In the past months, the South Sudan government has been receiving substantial pressure from the international community to institute greater transparency in its oil industry. This involves full publication of royalties and oil revenue transactions between companies and oil extracting countries. Transparency helps ordinary citizens see exactly how their natural resources are being managed. It helps to prevent corruption, and assist with the avoidance of the resource curse, which is the depreciation of the extractive country’s currency.

Yet, does transparency ensure that South Sudan’s oil assets will be used for advancement? Will transparency initiatives take a back seat to precedence issues like security and violence?

Transparency does not guarantee that the government will use oil revenues for the benefit of the many; however, it will allow publication of oil revenues to be speculated and will hold the government accountable. Transparency is a stepping-stone to supportive governance. South Sudan has already been carrying out the necessary measures to guarantee it does not fall victim to the resource curse. South Sudan plans on becoming a candidate for the Extractive Industries Transparency Initiative (EITI), which increases transparency over payments by companies to governments and to government-linked entities; as well as transparency over revenues by those host country governments. Before South Sudan seeks candidacy for EITI, it first has to establish a Freedom of Information Law, which ensures public access to government records. Providentially, South Sudan has already composed such a proposal.

The world has already seen countries fall victim to absent transparency initiatives. The Republic of Equatorial Guinea is a prime example of a country that relies heavily upon its natural resources for revenue, but counterproductively spends funds much needed in the development of the country. According to EG Justice and Human Rights Watch, the Republic of Equatorial Guinea’s oil revenues makes the country’s per-capita wealth in 2010 equivalent to that of Germany, Japan, or the United Kingdom; however, poor governance and a lack of transparency has caused the country to remain poor and be ranked as the world’s 14th worst country on UNICEF 2009 indicator.

With the amount of pressure and press that South Sudan has been receiving, it should not be long before South Sudan implements the Freedom of Information Bill and applies for compliance under EITI. On June 16, 2011, the Subcommittee on Africa, Global Health, and Human Rights held a hearing concerning Africa’s newest nation. During the hearing, Dana L. Wilkins, who is the Sudan campaigner for Global Witness, talked about actions that the South Sudan and U.S. governments should take to ensure successful transparency and accountability of South Sudan’s oil revenue. Ninety-eight percent of the nation’s budget is derived from oil, and South Sudan is in line to be the most oil dependent country in the world when it officially becomes a country on July 9. Transparency initiatives are being heavily pushed from civil society watchdog organizations like Global Witness and Publish What You Pay.

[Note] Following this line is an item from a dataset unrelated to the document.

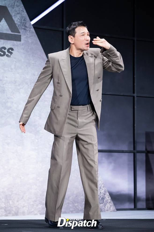 황정민은 그레이 수트로 멋을 냈다.
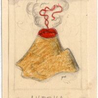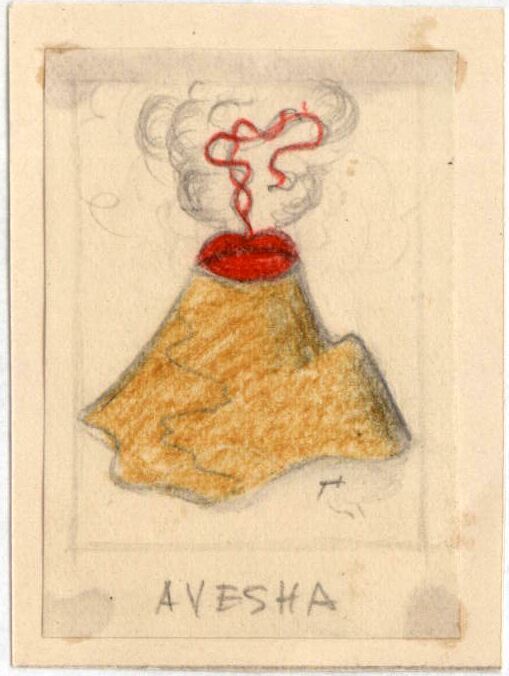 En este dibujo ligeramente enmarcado en el que se incluye una inscripción con la palabra “Avesha” vemos la figura de un volcán de aspecto amarillento en erupción. De su orificio se ve la lava de color rojo y el humo por el efecto del calor con la forma de líneas rojas y grises. El artista ha firmado su obra.Boceto realizado para la ilustración de la revista semanal Novelas y Cuentos. Titulo: Avesha. Autor: H. Rider Haggard. Nº publicado: 1097. Fecha: 18-05-1952. Tomo NC.: 25

Despite the possible long-term implementation, extractive regulations can benefit the country if enforced correctly. Global Witness’ recommendation of an independently monitored oil sector takes into account the possible mishandling and inaccuracy of production information. According to Wilkins, an office should be established separately from the Ministry of Energy and Mining that should report directly to the Legislative Assembly. This office’s sole responsibility would be to monitor and verify the petroleum sector. So that this office can acquire funding, be independent from the government and gain, the United States should provide this independent office with training and political support to make sure that it does an effective and efficient job of getting the necessary, accurate information published to the public.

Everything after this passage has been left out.